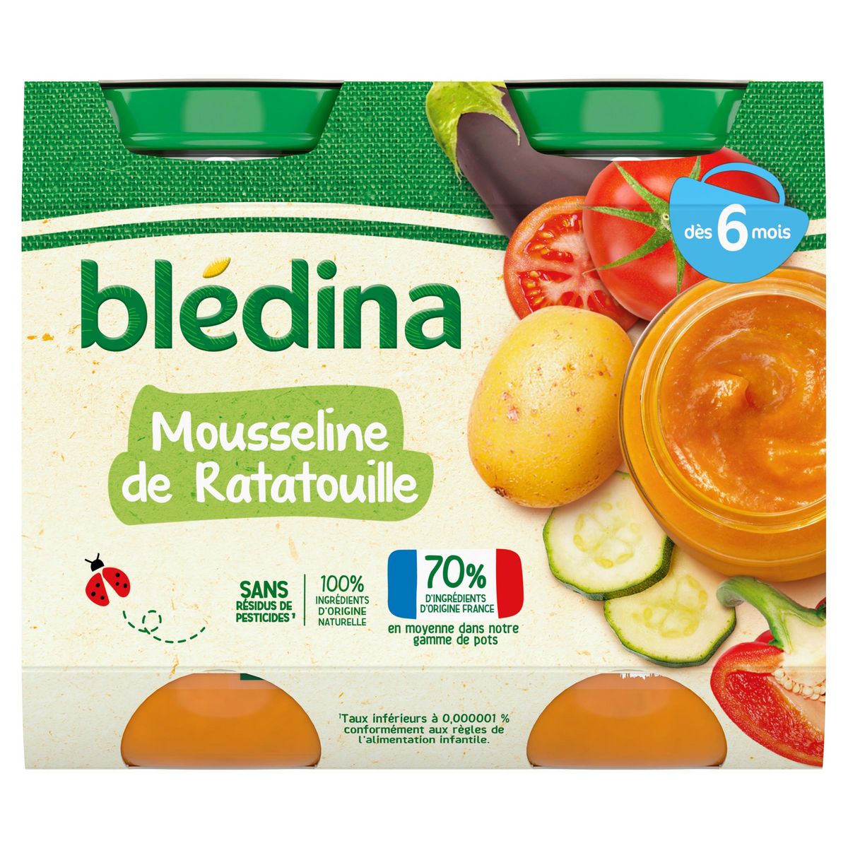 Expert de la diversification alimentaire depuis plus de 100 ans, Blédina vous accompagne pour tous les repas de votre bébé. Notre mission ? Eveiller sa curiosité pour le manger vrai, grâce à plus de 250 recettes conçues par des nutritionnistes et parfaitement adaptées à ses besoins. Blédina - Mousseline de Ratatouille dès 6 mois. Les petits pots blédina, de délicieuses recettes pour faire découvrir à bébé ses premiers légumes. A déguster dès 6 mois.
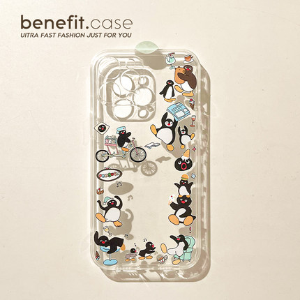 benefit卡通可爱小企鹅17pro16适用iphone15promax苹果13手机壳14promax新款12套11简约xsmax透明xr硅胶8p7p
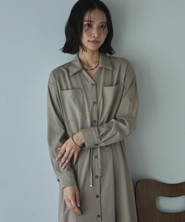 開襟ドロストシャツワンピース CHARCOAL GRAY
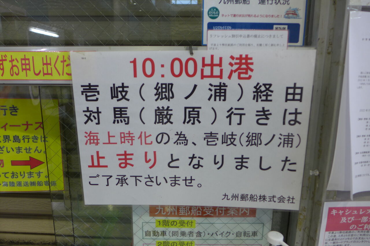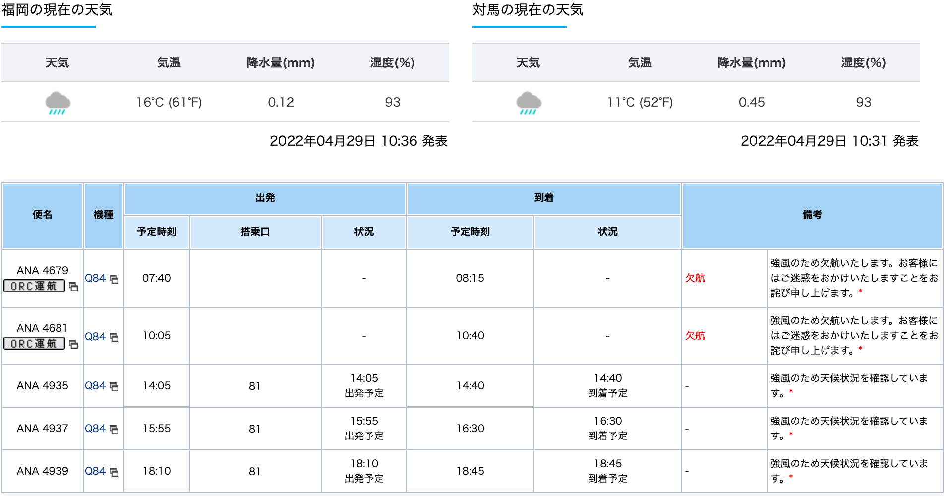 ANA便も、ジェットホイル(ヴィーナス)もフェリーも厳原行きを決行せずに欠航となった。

###

Provide a precise transcription of the listing, excluding each picture.

 Expert de la diversification alimentaire depuis plus de 100 ans, Blédina vous accompagne pour tous les repas de votre bébé. Notre mission ? Eveiller sa curiosité pour le manger vrai, grâce à plus de 250 recettes conçues par des nutritionnistes et parfaitement adaptées à ses besoins. Blédina - Mousseline de Ratatouille dès 6 mois. Les petits pots blédina, de délicieuses recettes pour faire découvrir à bébé ses premiers légumes. A déguster dès 6 mois.
 benefit卡通可爱小企鹅17pro16适用iphone15promax苹果13手机壳14promax新款12套11简约xsmax透明xr硅胶8p7p
 開襟ドロストシャツワンピース CHARCOAL GRAY
 ANA便も、ジェットホイル(ヴィーナス)もフェリーも厳原行きを決行せずに欠航となった。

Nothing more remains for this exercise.